The Scottish Hospitals Inquiry will hear evidence on the importance of ventilation systems in infection control.
It will now consider planning for Edinburgh's Royal Hospital for Children and Young People and the Department of Clinical Neurosciences in Edinburgh.
This phase will hear expert and technical evidence.
The inquiry is to establish whether patients were put at risk because of problems with the design, construction and maintenance of the Queen Elizabeth University Hospital Campus (QEUH) in Glasgow and the Edinburgh children's hospital.
Chairman Lord Brodie wants the inquiry to understand the technical requirements of ventilation in hospitals, so that it can better identify what went wrong with the systems installed at the hospitals being investigated.
The QEUH has been under scrutiny since it opened in 2015.
There have been patient deaths and a series of infections with possible links to the building.
The children's cancer wards at the QEUH were forced to close in 2018 after clusters of unusual infections were detected in children.
An expert review has already concluded that in some of the cases the source of the infections could have been the hospital's water supply and in the cases of two of the children who died, the infections were a contributory factor to their deaths.
Almost £9m has been spent upgrading the hospital's ventilation and water systems and the wards reopened again in March 2022.
Families affected gave evidence to the public inquiry last year.
One of those was Karen Stirrat whose son was three when he was diagnosed with a brain tumour. He was treated from February 2019 at the Royal Hospital for Children and the Queen Elizabeth University Hospital.

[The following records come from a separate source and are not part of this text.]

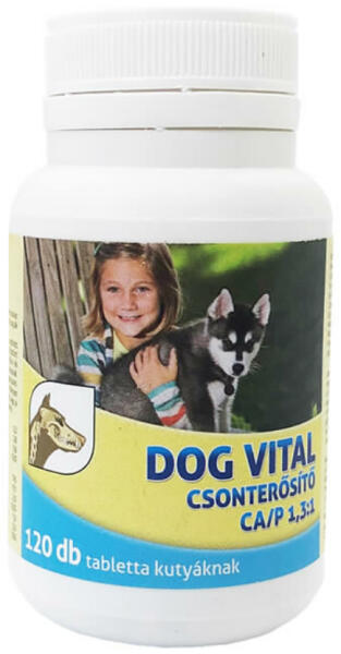 A DOG VITAL 1:1,3 CSONTERŐSÍTŐ tabletta ásványi anyagokat és vitaminokat tartalmazó táplálék kiegészítő kutyák részére. Az optimalizált összetételű, ízesített tabletták jól értékesülő kalciumot, foszfort és D3-vitamint valamint más mikro- és makroelemeket, vitaminokat tartalmaznak. Adagolása segíti a kutyák egészséges csont- és fogfejlődését, alkalmas a hiá
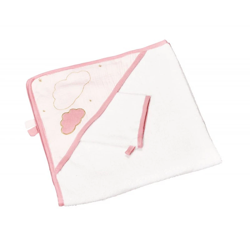 Voici la belle sortie de bain assortie à la collection Lily par Sauthon, en éponge toute douce, elle comblera bébé et l’enveloppera dans un cocon de douceur et de chaleur dès la sortie de son bain. Dans les tons de blanc et de rose, il est décoré d’un joli petit nuage ! Petit plus : elle est vendu dans une magnifique boite cadeau ! Indispensable dès la maternité, n’oubliez pas de la mettre dans votre valise ! C’est une idée cadeau très jolie et très pratique !
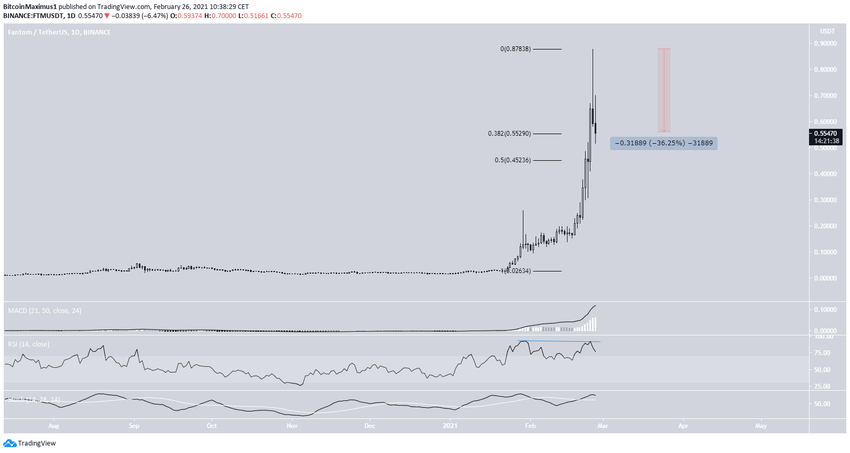 Zum Zeitpunkt der Veröffentlichung befindet sich der FTM Kurs in der Nähe des 0.382-Fib-Retracement-Levels. Das nächste wichtige Unterstützungslevel liegt bei ca. 0.45 USD (dem 0.5-Fib-Retracement-Level).
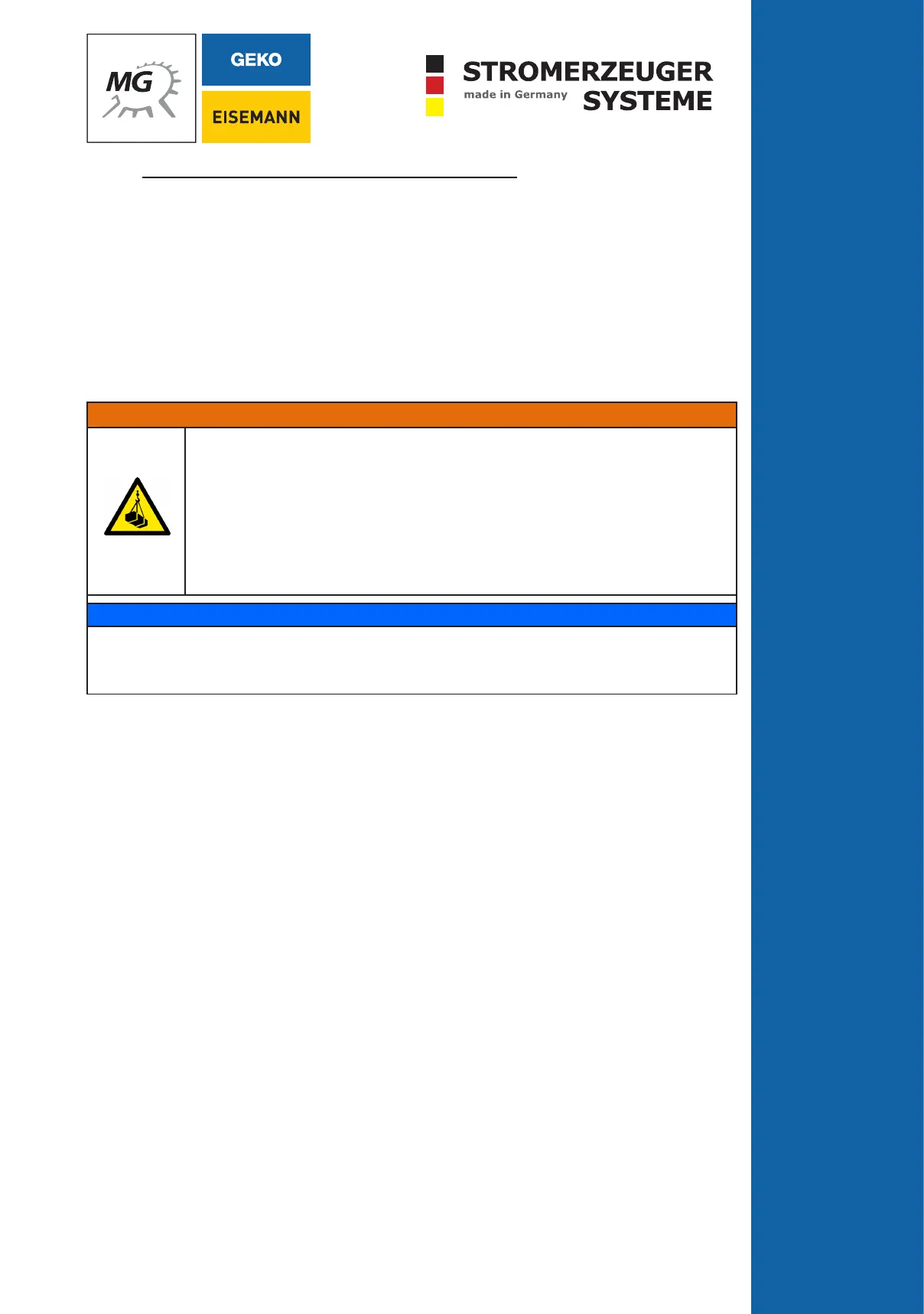 • Anschlagmittel müssen für das Gewicht des Stromerzeugers zugelassen sein

While in Florida for proton beam therapy, she discovered her son had been given the drug Posaconazole by the Scottish hospital. She was led to believe it was part of his chemotherapy treatment but learned from American doctors that it was prescribed due to the "dirty" hospital.
Ms Stirrat told BBC Scotland: "As much as this phase is about the technical side of it, for families like ours, that is where things went wrong.
"Some of those loved ones aren't here any more due to these technicalities. This part is crucial for us to find out what happened and who was responsible for those choices."
During the May hearing, officials will hear reports and statements from the inquiry's appointed experts.
Their evidence will be focused on technical aspects of ventilation, such as standards and guidance provided to developers working on ventilation within a hospital.
The ventilation systems installed at the Glasgow and Edinburgh hospitals will be the focus of future hearings.
Lord Brodie said: "Our forthcoming hearing will explore the required ventilation standards in a hospital setting, which will undoubtedly lead us to understand the complex challenges and specific issues of the ventilation systems at the Glasgow and Edinburgh hospitals."